奴は、完全に討ち取った。そう目が語っていた。


 俺の目には、蛇のほかに別の物も捉えていた。

蛇の背後から迫る物体。

剣を振り上げたカチヤの姿を捉えていた。


 蛇の完全な死角から、カチヤの剣が振り下ろされる。

目の前をカチヤの切っ先が通りすぎる。

蛇の口は、閉じられることなく俺に覆いかぶさってきた。

あまりのことに、呆然とする俺の精神を悪臭が現実に引き戻す。


 蛇の頭をどかすと、3人の冷ややかな目が俺を見ている。

「お前はなにやってるんだ?」

「アドルフさんは、ちょっと英雄志向が過ぎるみたいですね」

「アディ、真正面だけが戦いじゃないの」

え?・・・・・・俺が悪いの?


「何のために私たちがいるの?」

「・・・・・・一緒に戦うためです」

「宜しい。

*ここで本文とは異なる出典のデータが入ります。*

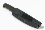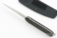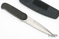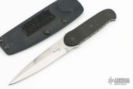 This knife by Bud Nealy features a hand rub satin finished blade with a sharpened top edge, full tang construction with .136" blade thickness and 1.086" blade depth. Textured black G-10 scales. Notching on thumbrest and finger rest areas and nice filework along the entire tang. Includes Kydex sheath. This model is very similar to Nealy's Y2K and Pheonix models. The serial # on the blade is 7874. Other than a few minor scratches on the blade (mostly from sheath), this knife is in excellent condition.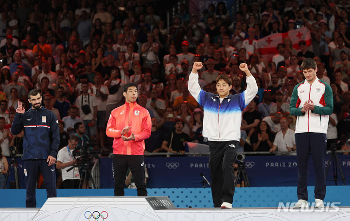 [파리=뉴시스] 김진아 기자 = 이준환이 30일(현지시각) 프랑스 파리 아레나 샹드마르스에서 열린 2024 파리 올림픽 유도 남자 81kg급 시상식에서 시상대에 오르며 팔을 들어올리고 있다. 2024.07.31. [email protected]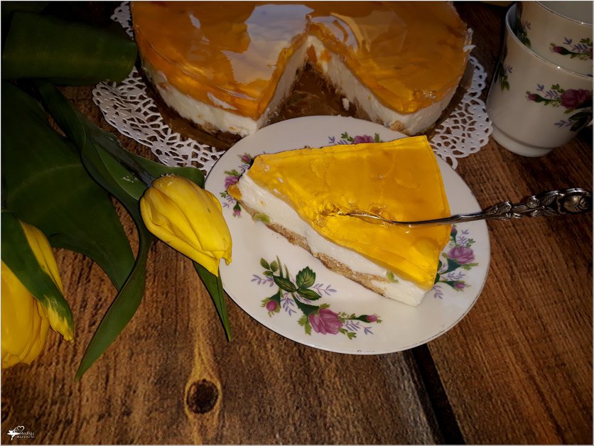 Sernik na zimno z brzoskwiniami i galaretką

場所を変えて死角を作ったのは褒めといてやるか」

「ええ、そこだけですけどね」

え? 納得いかない。


「ちょっと待って! 確かに助かったけどさ、あれ俺が悪いの?」

「魔神の時にも思ったんだが、お前は自分だけが犠牲になればみたいなところあるよな?」

はて、あるかな?

「はぁ、冒険者は英雄じゃなくていいんだ。何でもかんでも一騎打ちなんてスクロースの騎士にでもさせておけばいい。セロフィーはセロフィーらしくだ」

うーん、納得できるような出来ないような。

「さて、カチヤに言うことがあるだろう?」

「ありがとうございます・・・・・・?」

「よし! 先を急ぐか」


 そんな訳で、またしてもこの町の危機は俺達が救ったのだった?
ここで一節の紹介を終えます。